Extracted entries =

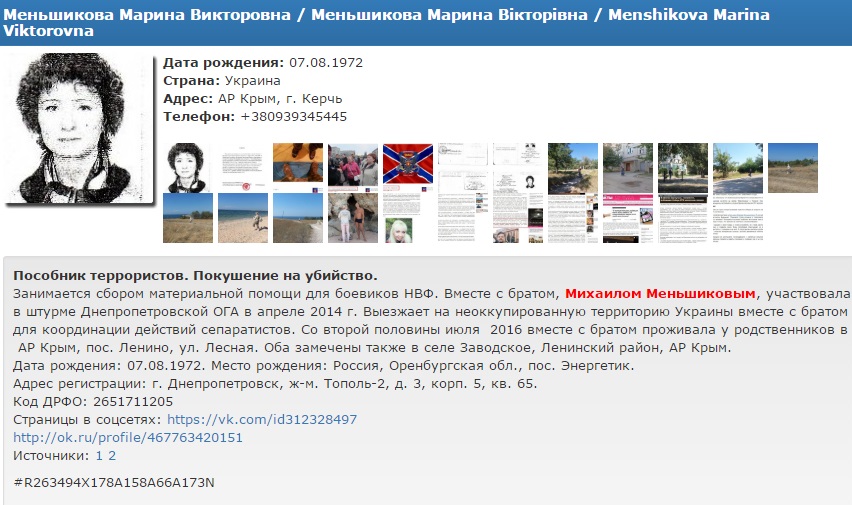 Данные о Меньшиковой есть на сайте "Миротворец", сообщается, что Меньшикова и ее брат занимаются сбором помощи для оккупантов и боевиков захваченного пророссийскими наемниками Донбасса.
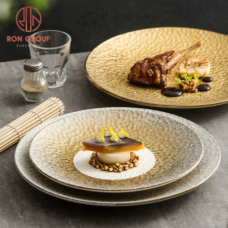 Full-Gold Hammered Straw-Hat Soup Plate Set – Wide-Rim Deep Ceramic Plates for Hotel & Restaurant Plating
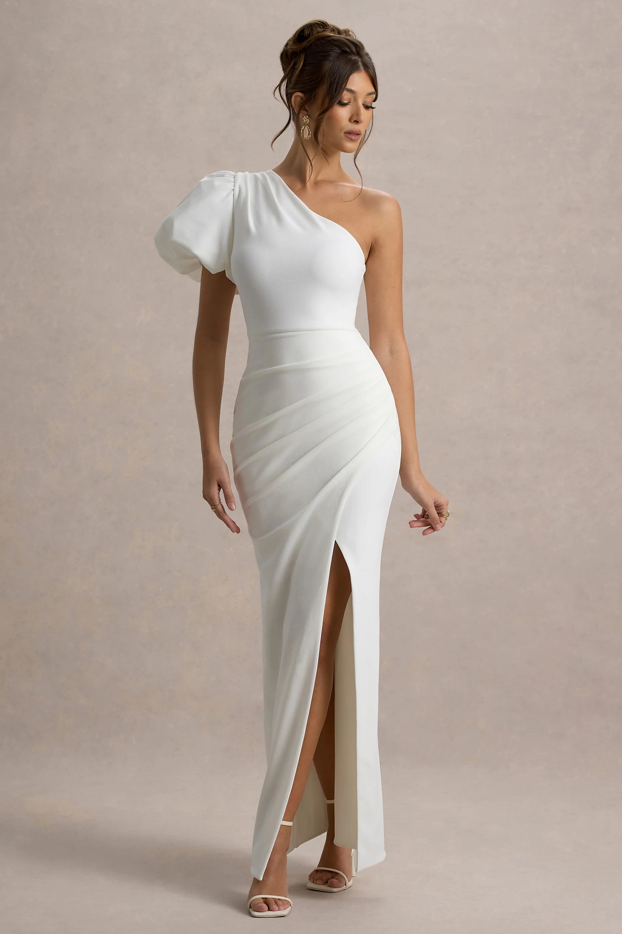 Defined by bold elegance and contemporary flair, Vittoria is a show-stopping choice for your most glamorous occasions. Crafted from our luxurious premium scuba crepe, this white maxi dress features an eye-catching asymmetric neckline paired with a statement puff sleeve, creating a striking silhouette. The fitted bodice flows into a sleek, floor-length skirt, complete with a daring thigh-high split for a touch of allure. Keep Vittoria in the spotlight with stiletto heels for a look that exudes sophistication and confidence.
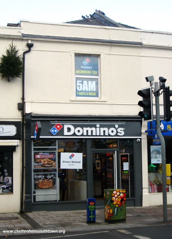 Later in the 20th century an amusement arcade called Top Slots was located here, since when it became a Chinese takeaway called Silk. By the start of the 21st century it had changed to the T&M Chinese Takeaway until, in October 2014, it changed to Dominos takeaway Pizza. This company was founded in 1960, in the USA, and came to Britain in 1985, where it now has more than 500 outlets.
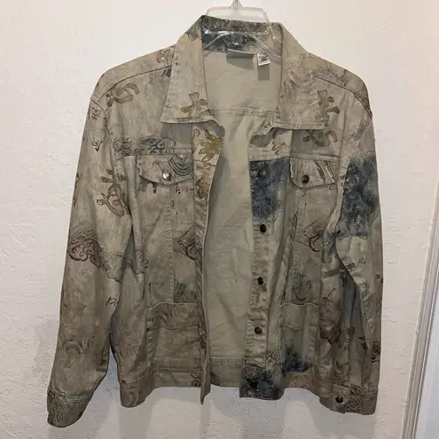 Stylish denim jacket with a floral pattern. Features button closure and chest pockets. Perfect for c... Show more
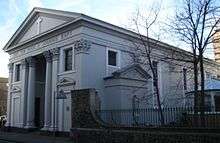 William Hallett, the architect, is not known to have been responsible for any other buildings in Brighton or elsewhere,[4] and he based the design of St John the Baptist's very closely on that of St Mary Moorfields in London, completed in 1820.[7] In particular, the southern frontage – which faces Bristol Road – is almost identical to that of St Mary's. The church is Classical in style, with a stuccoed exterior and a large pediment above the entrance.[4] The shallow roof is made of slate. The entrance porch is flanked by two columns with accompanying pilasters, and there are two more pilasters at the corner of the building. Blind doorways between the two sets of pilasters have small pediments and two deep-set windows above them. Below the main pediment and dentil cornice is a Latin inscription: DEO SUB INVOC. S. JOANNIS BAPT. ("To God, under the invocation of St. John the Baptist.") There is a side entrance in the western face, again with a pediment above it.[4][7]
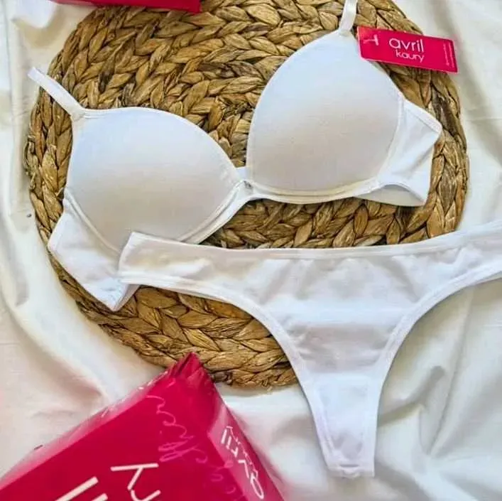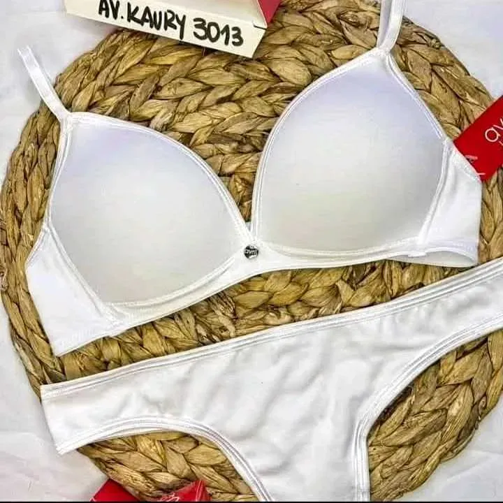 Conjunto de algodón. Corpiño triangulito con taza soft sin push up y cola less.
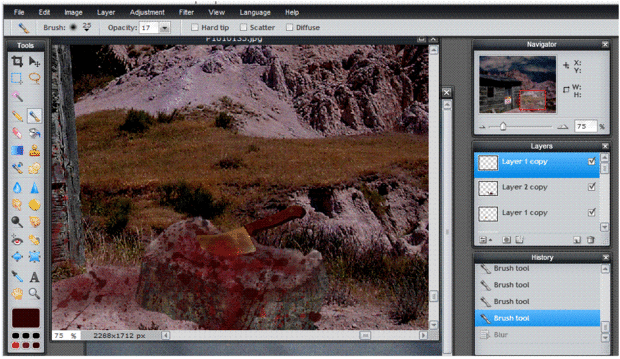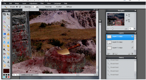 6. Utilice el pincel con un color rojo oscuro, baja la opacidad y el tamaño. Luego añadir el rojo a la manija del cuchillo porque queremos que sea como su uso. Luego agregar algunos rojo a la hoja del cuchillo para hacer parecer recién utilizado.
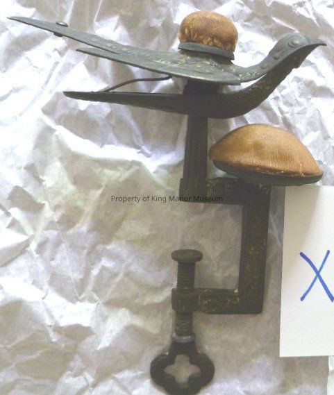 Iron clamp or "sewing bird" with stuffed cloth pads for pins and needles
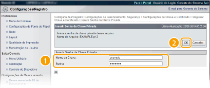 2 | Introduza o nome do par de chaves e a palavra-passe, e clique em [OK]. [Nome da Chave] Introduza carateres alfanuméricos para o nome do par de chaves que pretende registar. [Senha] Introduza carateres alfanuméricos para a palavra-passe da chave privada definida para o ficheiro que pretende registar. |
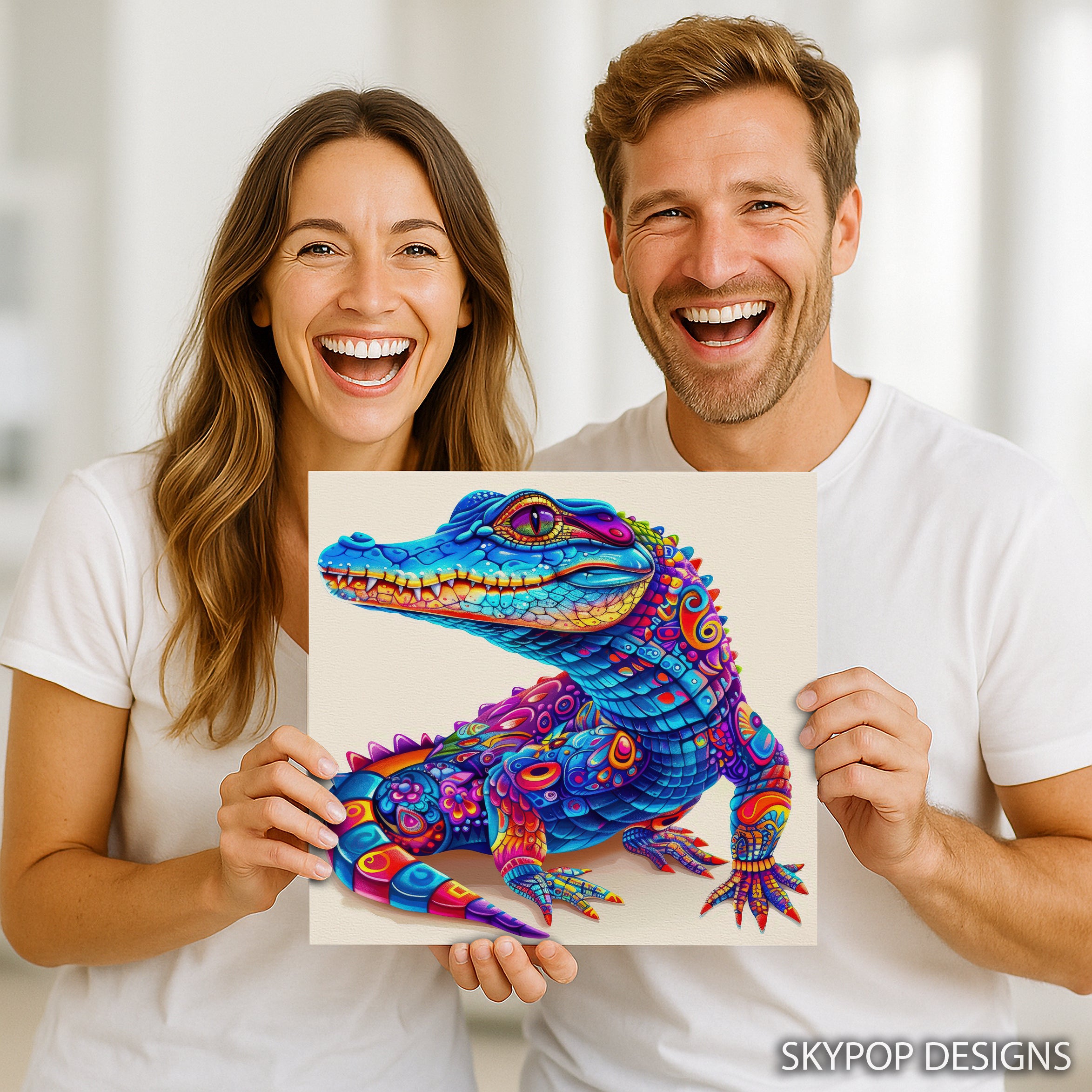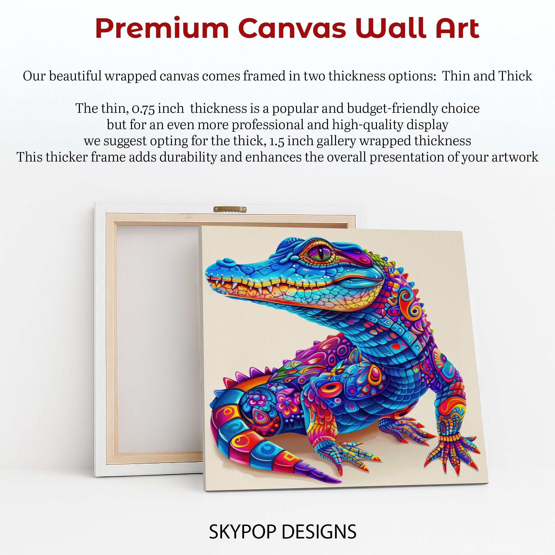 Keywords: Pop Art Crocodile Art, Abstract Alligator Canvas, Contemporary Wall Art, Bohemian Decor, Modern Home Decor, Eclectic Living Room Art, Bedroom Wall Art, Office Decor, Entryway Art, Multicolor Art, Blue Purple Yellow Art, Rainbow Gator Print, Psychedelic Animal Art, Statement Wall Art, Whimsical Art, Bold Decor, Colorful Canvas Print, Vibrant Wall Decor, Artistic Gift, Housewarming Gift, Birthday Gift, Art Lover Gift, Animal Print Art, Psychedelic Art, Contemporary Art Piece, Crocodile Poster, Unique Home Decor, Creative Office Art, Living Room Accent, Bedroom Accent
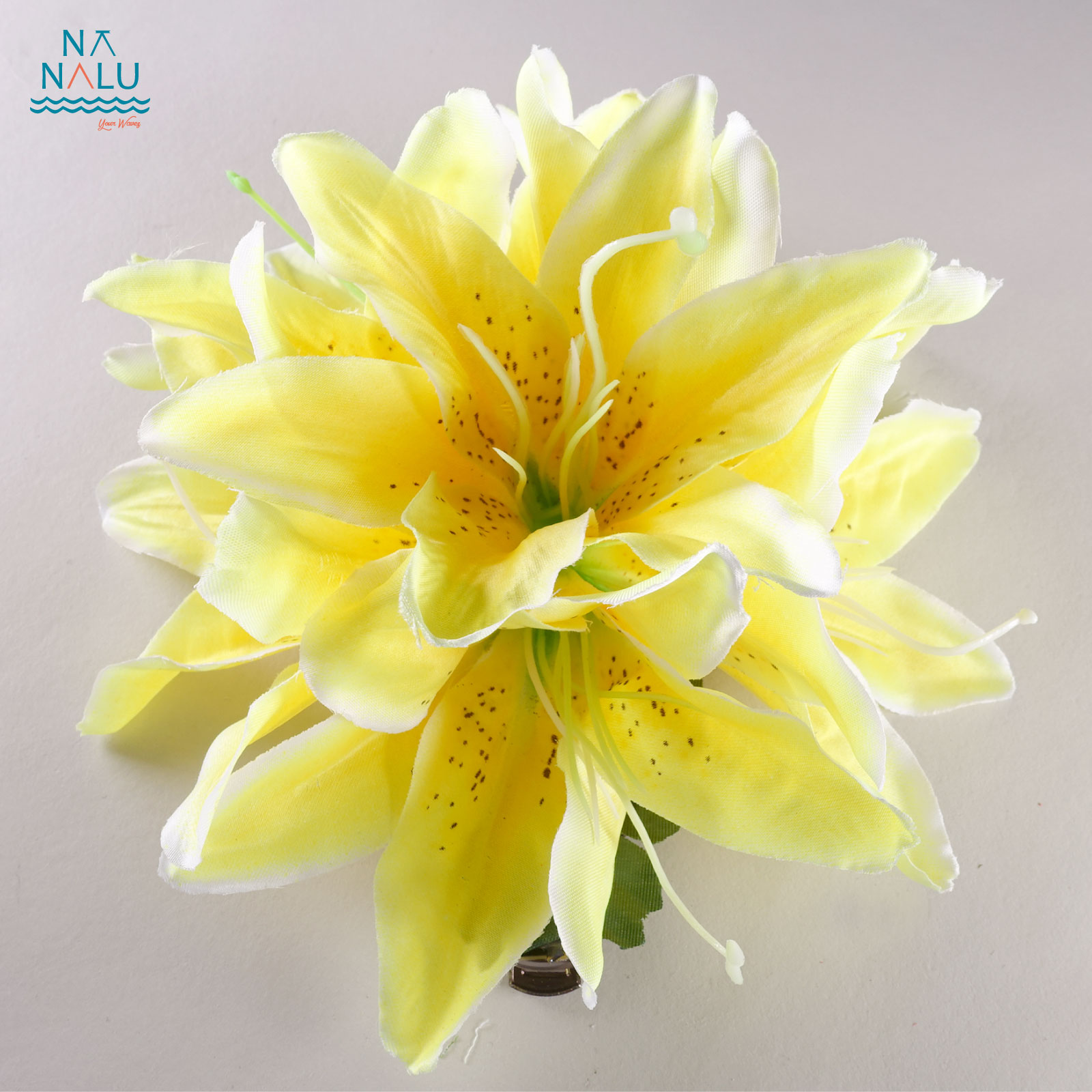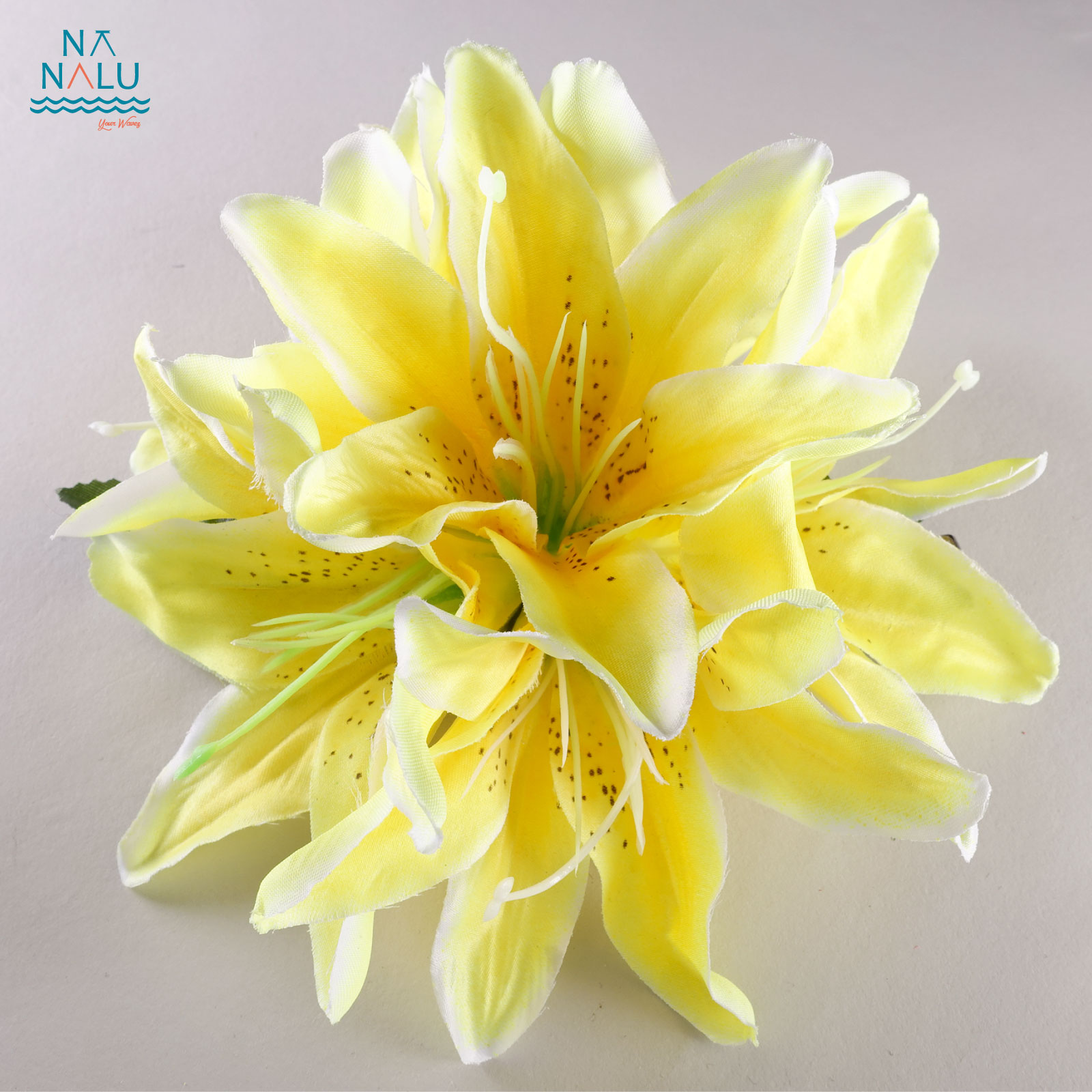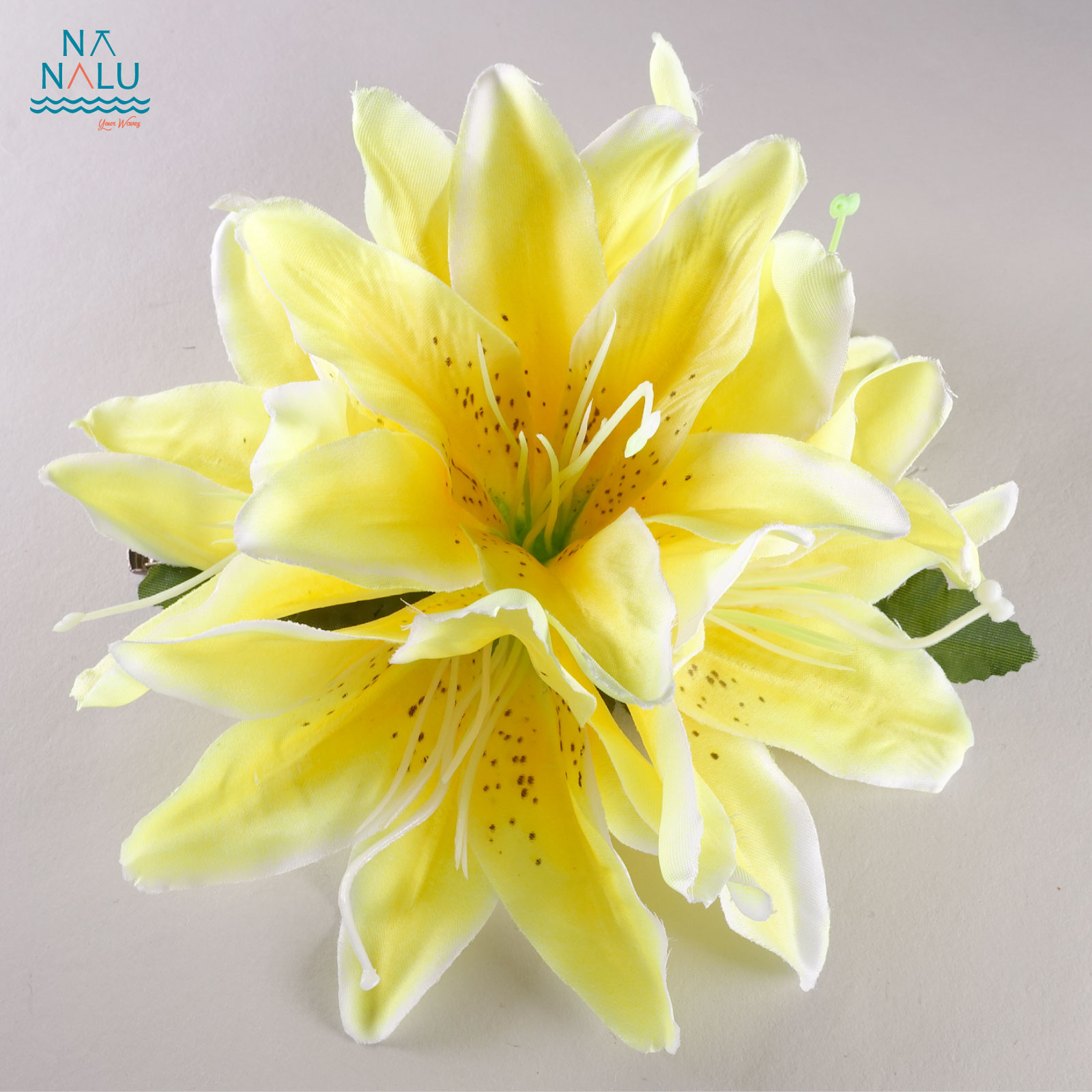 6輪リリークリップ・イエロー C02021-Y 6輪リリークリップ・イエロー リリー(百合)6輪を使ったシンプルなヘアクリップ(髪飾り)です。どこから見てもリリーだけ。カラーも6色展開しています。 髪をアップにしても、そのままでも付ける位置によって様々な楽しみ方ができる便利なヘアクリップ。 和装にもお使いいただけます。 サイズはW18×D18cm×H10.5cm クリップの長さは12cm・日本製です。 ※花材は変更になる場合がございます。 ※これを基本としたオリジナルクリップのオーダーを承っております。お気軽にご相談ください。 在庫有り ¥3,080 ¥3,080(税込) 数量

What you are asked to do =
Please extract exactly the lines of the data, from the first through the line containing "Full-Gold Hammered Straw-Hat", and add no pictures to the copy.

Exercise response =
 Данные о Меньшиковой есть на сайте "Миротворец", сообщается, что Меньшикова и ее брат занимаются сбором помощи для оккупантов и боевиков захваченного пророссийскими наемниками Донбасса.
 Full-Gold Hammered Straw-Hat Soup Plate Set – Wide-Rim Deep Ceramic Plates for Hotel & Restaurant Plating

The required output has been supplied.